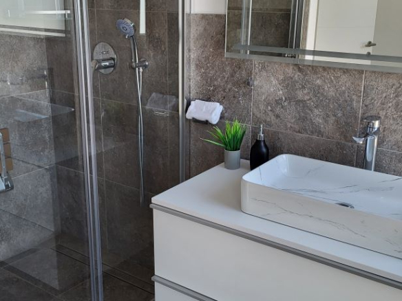 Zum modernen Baustil gehört die beste Technik, sowie edle Ausstattung mit Keramik und Marmor, Fussbodenheizung & je 5 Klimaanlagen. Das Haus wird komplett ausgestattet und vollmöbliert verkauft, man kann hier prompt einziehen!
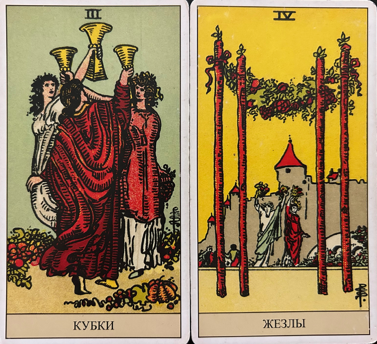 Оба аркана про отношения, дружбу и сплоченность. Разве что у 3 Кубков все проходит более неформально, с бокалом шампанского в руках, а у 4 Жезлов — с серьезными речами и обязательным тостом от родителей.
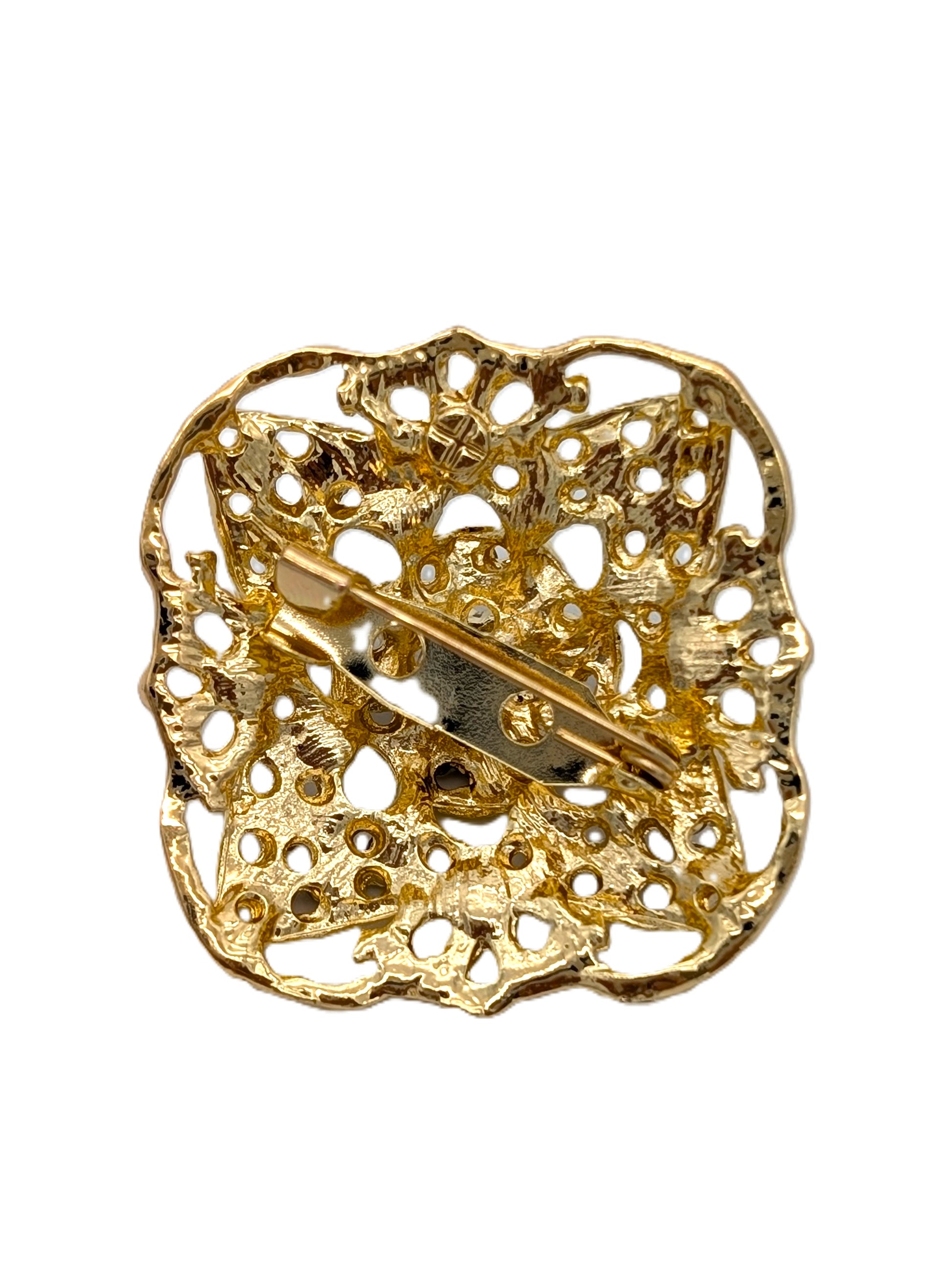 Make a distinct and refined statement with our gorgeous Copper Blossom Brooch. This elegant piece features a unique Rhombus silhouette with softly rounded edges, framing an intricate floral mandala design set in lustrous gold-tone filigree.
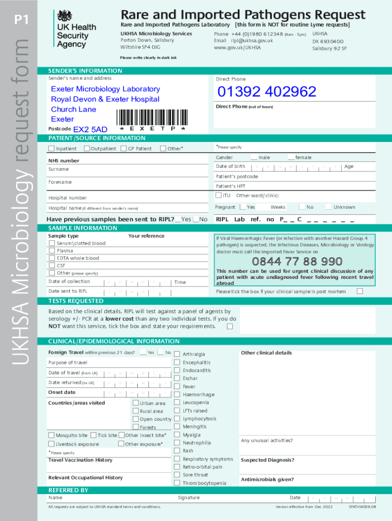 Rare and Imported Pathogens RequestUKHSA Microbiology request formP1Rare and Imported Pathogens Laboratory [this form is NOT for routine Lyme requests]
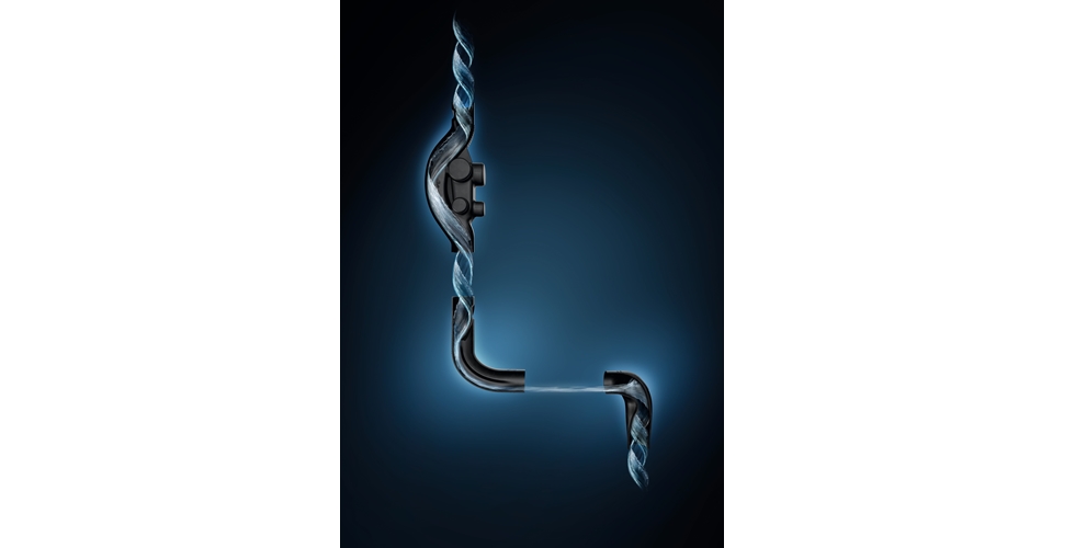 Supertube sistemi, Geberit HDPE Sovent Fittingi, Geberit HDPE BottomTurn Dirseği, Geberit HDPE BackFlip montaj elemanları ile uygulanıyor. Geberit HDPE Sovent fittinginin optimize edilmiş geometrisi, iniş borusu içindeki suyu yönlendirerek suyun dönmesini sağlıyor. Böylelikle su, boru çeperi boyunca sorunsuz bir dinamikle akıyor. Bu sayede çevresel akış elde edilerek yüksek deşarj kapasitesiyle birlikte sabit ve tutarlı bir hava sütunu oluşturuluyor. Geberit HDPE BottomTurn dirseği ise hava akışının kesilmeden çevresel akışın yatayda katmanlı bir akışa dönüşmesine olanak tanıyor. Bununla birlikte yatay boru hattındaki üst katmanda hava, alt katmanda da su akışı devam ediyor. Bu değişiklik sayesinde konvansiyonel çözümlere kıyasla akış hızı kayıplarının önüne geçilirken performans da üst seviyeye çıkıyor. Kıvrımlı Geberit HDPE BackFlip dirseği de kusursuz iç geometrisi sayesinde katmanlı akışı çevresel akışa dönüştürüyor. Bunun sonucunda çevresel akış ile hava sütunu iniş kolonu boyunca korunuyor.
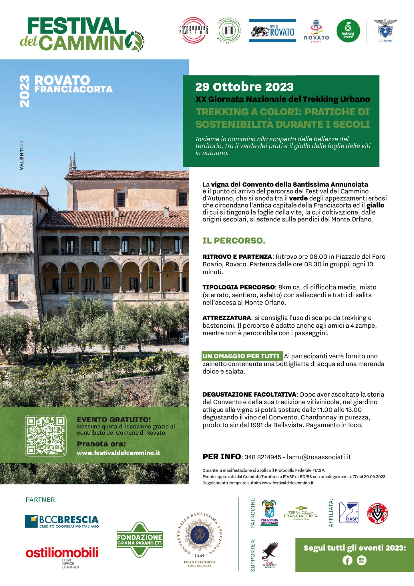 FESTIVAL DEL CAMMINO: XX GIORNATA NAZIONALE DEL TREKKING URBANO – ROVATO 29 OTTOBRE
::::::::
— EXERCISE DIRECTIONS —
Exactly the lines from the line containing "Rare and Imported Pathogens RequestUKHSA" to the end of the records need to be copied, both ends included, with pictures left out.

— REPLY TO THE EXERCISE —
 Rare and Imported Pathogens RequestUKHSA Microbiology request formP1Rare and Imported Pathogens Laboratory [this form is NOT for routine Lyme requests]
 Supertube sistemi, Geberit HDPE Sovent Fittingi, Geberit HDPE BottomTurn Dirseği, Geberit HDPE BackFlip montaj elemanları ile uygulanıyor. Geberit HDPE Sovent fittinginin optimize edilmiş geometrisi, iniş borusu içindeki suyu yönlendirerek suyun dönmesini sağlıyor. Böylelikle su, boru çeperi boyunca sorunsuz bir dinamikle akıyor. Bu sayede çevresel akış elde edilerek yüksek deşarj kapasitesiyle birlikte sabit ve tutarlı bir hava sütunu oluşturuluyor. Geberit HDPE BottomTurn dirseği ise hava akışının kesilmeden çevresel akışın yatayda katmanlı bir akışa dönüşmesine olanak tanıyor. Bununla birlikte yatay boru hattındaki üst katmanda hava, alt katmanda da su akışı devam ediyor. Bu değişiklik sayesinde konvansiyonel çözümlere kıyasla akış hızı kayıplarının önüne geçilirken performans da üst seviyeye çıkıyor. Kıvrımlı Geberit HDPE BackFlip dirseği de kusursuz iç geometrisi sayesinde katmanlı akışı çevresel akışa dönüştürüyor. Bunun sonucunda çevresel akış ile hava sütunu iniş kolonu boyunca korunuyor.
 FESTIVAL DEL CAMMINO: XX GIORNATA NAZIONALE DEL TREKKING URBANO – ROVATO 29 OTTOBRE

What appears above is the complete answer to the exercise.